Майка вздохнула, поднялась со скамейки и пошла в общежитие. Нет. Папины "коллеги" тут не помогут.
Чем ближе становился отъезд домой, тем сильнее тревожилась Майка. За повседневными заботами она как-то и не задумывалась о том, как они с Женей будут жить, когда вернутся домой. Только радовалась, что всё плохое позади. Но расформирование госпиталя неумолимо приближалось, об этом уже говорили все, и девушка просто извелась, раздумывая, что же будет дальше. Мать Женю не примет. Это уж как пить дать. Заест. Как умеет мать быть язвительной и вежливой одновременно, желая показать собеседнику, что он ей неприятен, — Майка отлично знала.
"Как же быть-то? Может, к тете Тасе погадать сходить?"
— А ты чегой-то смурная ходишь, а, Кудлатка? — встретила ее повариха. — Радоваться надо. Война кончилась, домой скоро поедем.

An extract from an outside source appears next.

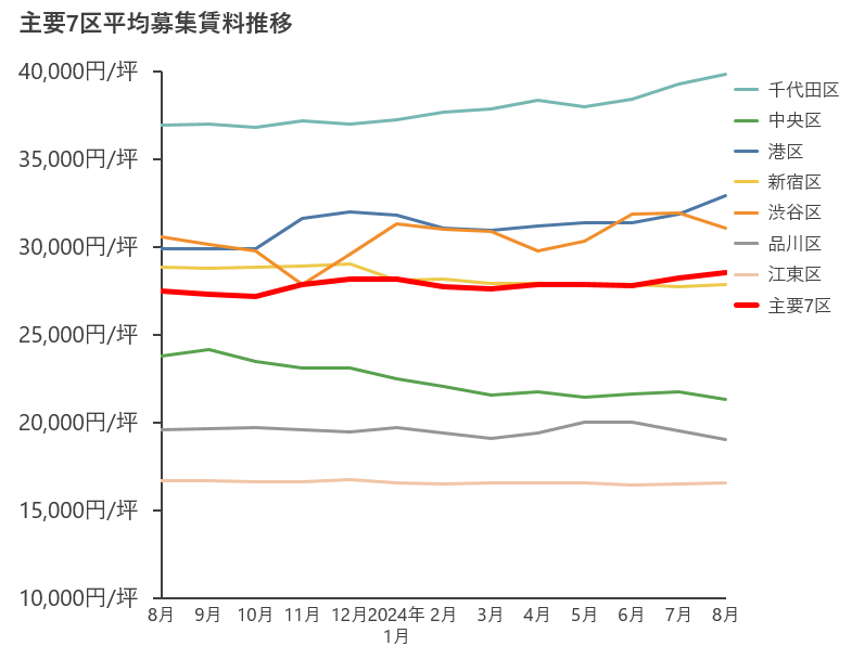 【2024年8月末時点の主要7区空室率・平均募集賃料の動向】
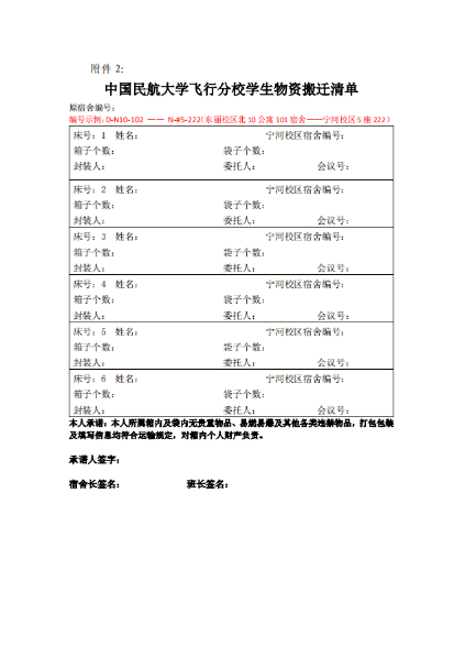 团结协作,安全搬迁。进入6月以来,飞行分校各职能部门、各大队按照搬迁工作实施手册的既定计划,对全体在校学员召开“搬迁工作安全教育主题大会”,讲细节、传方法、解疑惑,确保前期搬迁工作平稳、有序进行;搬迁工作正式开始后,飞行分校党委书记、副书记带领全体辅导员深入宿舍一线,进行现场调度,指导学生按要求完成宿舍整理、行李打包、物品归置工作;宿舍整理完毕后,各职能部门、各大队协同配合对全体学生宿舍进行安全大检查,逐一检查、交互检查,确保无安全隐患、确保按要求归置行李。

— Ох, теть Тася! У меня такие дела творятся, что я уж и не знаю, как быть-то... Не вернусь я в Москву. Папа погиб, у матери новый муж, кому я там нужна? Да и Жене там плохо будет. Поедом съедят. И ему тоже идти некуда: тетку свою он не любил, да и она его не шибко-то жаловала. Вязьма под немцем была. Живет она там, эвакуировалась ли — пойди найди теперь. Да и захочет ли искать? Не знаю... У всех какие-то планы, какие-то надежды... Вон товарищ Истратов нас к себе в Свердловск зовет. А мне ничего не хочется. Не знаю, куда дальше. Бездомная я теперь стала. До того тошно, теть Тася...
Майка опустила подбородок на руки и бездумно уставилась в окно.
Повариха пожевала губами и вдруг неожиданно притянула Майку к себе:
— А вы ко мне в Саратов поезжайте. Живите у меня. Будете мне заместо родни. Одна я на старости лет осталась. Куды мне одной целый дом-то? Как на соколиков моих в сорок втором разом похоронки получила — пусто в доме сделалось, — старушка вздохнула и перекрестилась.— Я ж и к вам-то в госпиталь попросилась тогда, чтобы среди людей быть. Тяжко одной домой приходить. А теперь опять, получается, одна. Чихнешь — и "будь здорова" сказать некому. Рыжик да мыши за печкой — вот и всё семейство. А так и проживем как-нибудь, всё веселей будет. А? Харчеваться вместе будем, а за постой я с вас ничего не возьму.
У Майки словно гора с плеч упала.
— В Саратов? Ой, тетя Тася, правда?! Так ведь это хорошо, тетя Тася, это просто здорово!
Она бросилась обнимать старушку.
— Спасибо, спасибо! Ты просто золото!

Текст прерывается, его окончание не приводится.